These properties are similar to an artist’s palette on which she can explore and blend color options for a painting, and much like a palette, these properties can enhance creativivty.
Smoothness: Examples from nearby points in latent space have similar qualities to one another.
Realism: Any point in this space represents some realistic example, including ones not in the training set.
Expression: Any real example can be mapped to some point in the latent space and reconstructed from it.
The desirable properties of a latent space can be summarized as follows: Furthermore, when compressing the space of the dataset, latent space models tend to organize it based on fundamental qualities, which clusters similar examples close together and lays out the variation along vectors defined by these qualities. This means that they can also reconstruct real examples with high accuracy. We also include the synthesized audio for one of the samples.Īside from excluding unrealistic examples, latent spaces are able to represent the variation of real data in a lower-dimensional space. The vertical axis represents the notes on the piano and the horizontal axis represents time in 16 th note steps. For example, here we show “pianorolls” of samples randomly chosen from the 90 32 possible 2-bar sequences. If we extend this to 16 bars, it will be 90 256 possible sequences, which is many times greater than the number of atoms in the Universe!Įxploring melodies by enumerating all possible variations is not feasible, and would result in lots of unmusical sequences that essentially sound random. If we ignore tempo and quantize time down to 16 th notes, two measures (bars) of music in 4/4 time will have 90 32 possible sequences. We can represent this as 90 types of events (88 key presses, 1 release, 1 rest). At any given time, exactly one of the 88 keys can be pressed down or released, or the player may rest. For example, consider the space of all possible monophonic piano melodies. Musical sequences are fundamentally high dimensional.
Hear more examples in the paper’s online supplement and this YouTube playlist.
View the Tensorflow and JavaScript implementations in our GitHub repository.
Sample and interpolate with all of our models in a Colab Notebook.
Project magenta google github how to#
Learn how to use the JavaScript implementation in your own project with this tutorial.
Play with MusicVAE’s 2-bar models in your browser with Melody Mixer, Beat Blender, and Latent Loops.
Read the technical details of the model architecture in our arXiv paper.

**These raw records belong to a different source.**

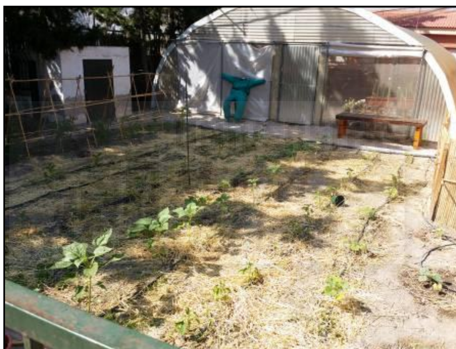
Imagen 10: Aspecto general del huerto de solanáceas y cucurbitáceas
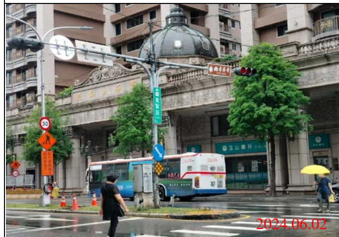
巡查日期地點：113.06.02/ Y22車站 照片說明：牌面設置狀況
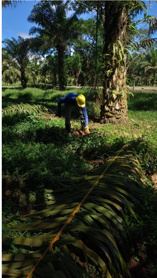
Toma de desempeño y producto de la norma corte y recolección de racimos en la empresa Palmeras la Paz
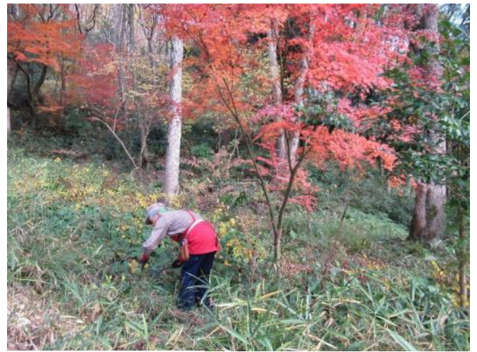
日下山を彩る、春はサクラ & 秋はカエデ
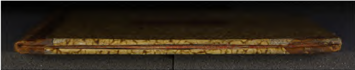
Early European Books, Copyright © 2009 ProQuest LLC. Images reproduced by courtesy of the Royal Library, Copenhagen. LN 1106 4°
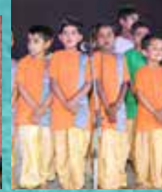
विद्यार्थी ‘भव्यशून्य’ गातांना Students singing ‘Bhavshunya’

In an effort to make it as easy as possible to build usable tools with MusicVAE, we are also releasing a JavaScript library and pre-trained models for doing inference in the browser.Ĭontinue reading to learn more about this technology, or check out these additional resources: As a creative tool, the goal is to provide an intuitive palette with which a creator can explore and manipulate the elements of an artistic work.Įxamples of latent space models we have developed include SketchRNN for sketches, NSynth for musical timbre, and now MusicVAE: a hierarchical recurrent variational autoencoder for learning latent spaces for musical scores. The technical goal of this class of models is to represent the variation in a high-dimensional dataset using a lower-dimensional code, making it easier to explore and manipulate intuitive characteristics of the data. These desires have led us to focus much of our recent efforts on what are known as latent space models. On the Magenta team, we often face conflicting desires: as researchers we want to push forward the boundaries of what is possible with machine learning, but as tool-makers, we want our models to be understandable and controllable by artists and musicians.